In a sudden spurt of inspiration, Scarnivale sang:

“When an umpleby takes a wife​Do you think they mate for life?​Nope, long enough to raise a child.​Then each goes off into the wild.”​
Without missing a beat, Jaspernyck picked up the tale:

“Where do they lair?  Well, no one knows.​A cave?  A den?  Sure, one of those.​A sep'rate place for family:​The mom, the dad, and babe makes three.”*[11]*​
But Scarnivale wasn't willing to give up the last word on the subject.  Plucking the strings of his lute, he continued:  

“But one day, when that babe is grown​And he wanders off on his own​His mom and dad say, 'Well, that's that​No telling where that kid is at.'​The time has come, by then, of course​To grant an umpleby divorce​So mom and dad go separate ways​And look ahead to better days.”​
A chorus of laughter erupted from the crowd.  Jaspernyck kept a smile on his face but was apparently starting to worry that his red-clad opponent was faring better of the two of them.  Willowquisp's scowl told quite readily his thoughts that he had no use for either of the two bards or their silly contest; he'd much rather be able to give his briefing uninterrupted.  Seeing the musical interruptions had once again abated, he continued.

“Umplebies have a reputation for clumsiness, and in fact are often found bumping into things and tripping and stumbling about, but it is believed this is only due to a decrease in their ability to see clearly when their hair is in their eyes, restricting visibility.  When they are focused upon something – for example, crafting a net from their own hair – they have been shown to have quite an innate dextrousness.  In fact--”

But Willowquisp was cut off, quite abruptly, by Jaspernyck, who had apparently found the moment he'd been waiting for: another brilliant use of a rhyme for “umpleby” he was sure would grant him a additional heaping helping of respect for his quick-wittedness.  The words practically flowing from his mouth without any need for conscious thought or effort, he plucked the strings of his lyre and sang aloud:

“Take your average umpleby.​Guess how far his jump'll be?​You'd think, 'Well, maybe ten feet long.'​Yes, you'd think that, but you'd be wrong.​It defies rational explanation,​But umps have no coordination.​They bump their heads, they stub their toes,​They trip and get a bloody nose.”​
Jaspernyck, in turn, was cut off by an interruption from Scarnivale, not about to let his rival continue for too long without him being able to stick in his own two coppers.  He sang, accompanied by his lute:

“(And as things go, that ain't all bad,​Else we'd not know a nose they had!​It's hard to tell a nose is there​When it's covered by so much hair!)”​
With a black scowl, Willowquisp gathered together his notes, shuffled them into a neat pile, folded them in half, and stuffed them into the pocket of his robe.  “That's it!” he barked.  “I have had quite enough of this travesty!  It's quite apparent none of you have any real interest in the topic at hand, and I for one have no desire to continue being interrupted in what I had been led to believe was a serious discussion of the umpleby....”

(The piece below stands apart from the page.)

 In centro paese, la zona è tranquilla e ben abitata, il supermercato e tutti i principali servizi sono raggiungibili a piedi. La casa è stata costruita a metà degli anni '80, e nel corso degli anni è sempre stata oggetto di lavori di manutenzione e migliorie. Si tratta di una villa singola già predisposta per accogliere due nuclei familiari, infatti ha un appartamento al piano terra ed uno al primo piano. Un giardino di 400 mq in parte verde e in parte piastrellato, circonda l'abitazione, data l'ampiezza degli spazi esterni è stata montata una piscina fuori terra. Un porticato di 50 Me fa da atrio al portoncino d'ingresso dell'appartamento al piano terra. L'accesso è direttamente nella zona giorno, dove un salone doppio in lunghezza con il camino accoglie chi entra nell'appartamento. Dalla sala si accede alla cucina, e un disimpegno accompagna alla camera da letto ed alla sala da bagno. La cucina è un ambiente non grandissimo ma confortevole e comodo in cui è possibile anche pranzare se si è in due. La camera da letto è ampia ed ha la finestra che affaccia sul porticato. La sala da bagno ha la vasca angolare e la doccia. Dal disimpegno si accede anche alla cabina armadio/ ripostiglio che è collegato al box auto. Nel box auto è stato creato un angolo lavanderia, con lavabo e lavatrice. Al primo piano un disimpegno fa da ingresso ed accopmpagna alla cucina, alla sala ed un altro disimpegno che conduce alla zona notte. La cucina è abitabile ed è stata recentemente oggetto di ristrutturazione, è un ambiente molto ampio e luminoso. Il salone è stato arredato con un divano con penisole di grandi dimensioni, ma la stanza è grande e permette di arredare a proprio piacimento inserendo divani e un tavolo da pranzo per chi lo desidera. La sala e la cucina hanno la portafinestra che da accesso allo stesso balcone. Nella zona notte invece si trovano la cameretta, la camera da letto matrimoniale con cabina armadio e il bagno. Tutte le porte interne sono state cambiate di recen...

“But we _are_ all interested!” insisted Pantalfrume.  He looked to the audience, waving his hands in a gesture to get their approval.  “Aren't we, folks?”  The crowd clapped, increasing the level of ther apparent enthusiasm by the frantic hand gestures of the announcer.  “By all means, please continue with your presentation, Willowquisp!”

“You want more information about umplebies?” asked the elderly sage, his face now a bright red from indignation.  “Fine:  Umplebies have been known to spontaneously grow seven extra noses in times of stress!  Their favorite color is chartreuse!  Blue dragons consider them to be a particular delicacy!*[12]*  Inhaling smoke from burning umpleby hair can be used to trigger euphoric visions!*[13]* The finest wigs are usually made from a shaved umpleby's butt hair, but they sometimes end up smelling funny!   An umpleby can be taught to sing in a perfect falsetto, but only if it wears a purple hat!  Do with that what you may; good day to you, gentlemen!”  And with that, the elderly sage stormed out of the ring of illumination around the lecture podium, leaving the two bards and the flustered announcer standing alone at the front of the tent.  

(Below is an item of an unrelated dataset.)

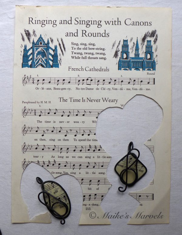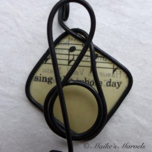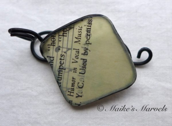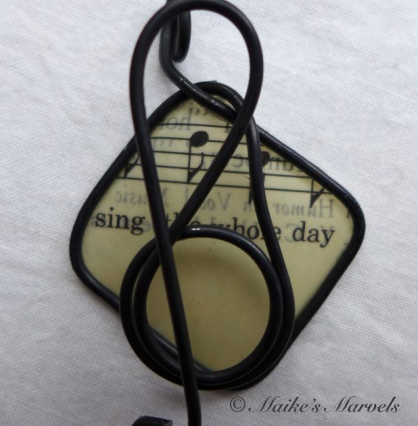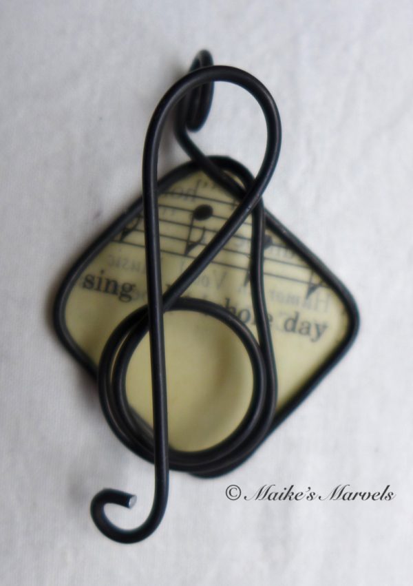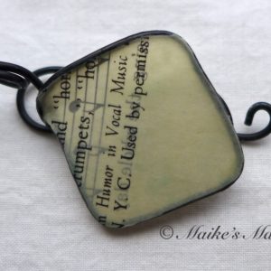 This square pendant was created by hand-bending wire around a square peg and then forming a violin clef on top. Then I looked through my songbook and found the phrase “Sing the Whole Day” fit perfectly inside this shape. So I cut out that portion of the “We are Never Weary” song, which is attributed to Mozart. The paper was dipped in encaustic medium so it would be more archival, and then adhered to the wire shape with the molten wax.

Pantalfrume opened his mouth to speak but could think of nothing to say; the evening's entertainment had collapsed all around him and he was already worrying the audience members would start demanding reimbursement of the money they'd spent to watch the Battle of the Bards.  But then Jaspernyck, in a fit of inspiration, turned to the crowd and sang:

“It looks as if, the truth be told​Our Bardic Battle is on hold!​It can't be finished at this stage:​It seems as if we broke our sage!”​
The crowd erupted with laughter, not sure if this was part of the planned event or not.  Scarnivale added, as the last word on the subject of umplebies:

“These umplebies are shaggy folks.​Surely one of life's little jokes.​Good for a laugh, if you can find 'em.​I wonder just which god designed 'em?”​
He and Jaspernyck then bowed as if this was how the event had been planned; they didn't want to face demands for a refund any more than did Pantalfrume.  The cheers from the audience showed they'd been bilked into believing all was as it had been intended to be, even if neither bard had come out as the definitive winner of the verbal joust.



*NOTES

8.*  An umpleby's hair is very tough: it's 50% more difficult to cut, break, or burn than the magical strands of a _web_ spell.  A jermlaine tribe would absolutely _love_ getting their hands on umpleby hair, given its inherent superiority over the hair of humans, elves, and dwarves – their normal sources.  In fact, if a tribe of jermlaine had access to a deep-sleeping umpleby and were able to shave it while it slept they'd likely have more hair than they'd know what to do with.

*9.*  Hair bags are usually tightly woven and used to store coins and gems for transport; the bags are usually worn around the neck or waist and tucked into the creature's ample body hair, where it disappears from view.  Nets are used to catch the occasional small prey (generally rabbits, squirrels, and the occasional chipmunk) or to fend off attacks; they are often worn wrapped around the waist like a belt or sash until needed.  A high-quality (masterwork) net of umpleby hair can be sold for up to 100 gold pieces; most umplebies are perfectly willing to sell their nets, realizing they can always craft another one easily enough.

Due to the creatures' ability to generate electrical blasts, masterwork nets made of woven umpeby hair cost only half the normal amount to imbue with the _shock_ or _shocking burst_ magic weapon special abilities.

*10.*  This is not at all surprising, given just how much hair we're talking about.  It would be similarly difficult to tell a human man from a human woman if each were garbed in 18 different layers of clothing.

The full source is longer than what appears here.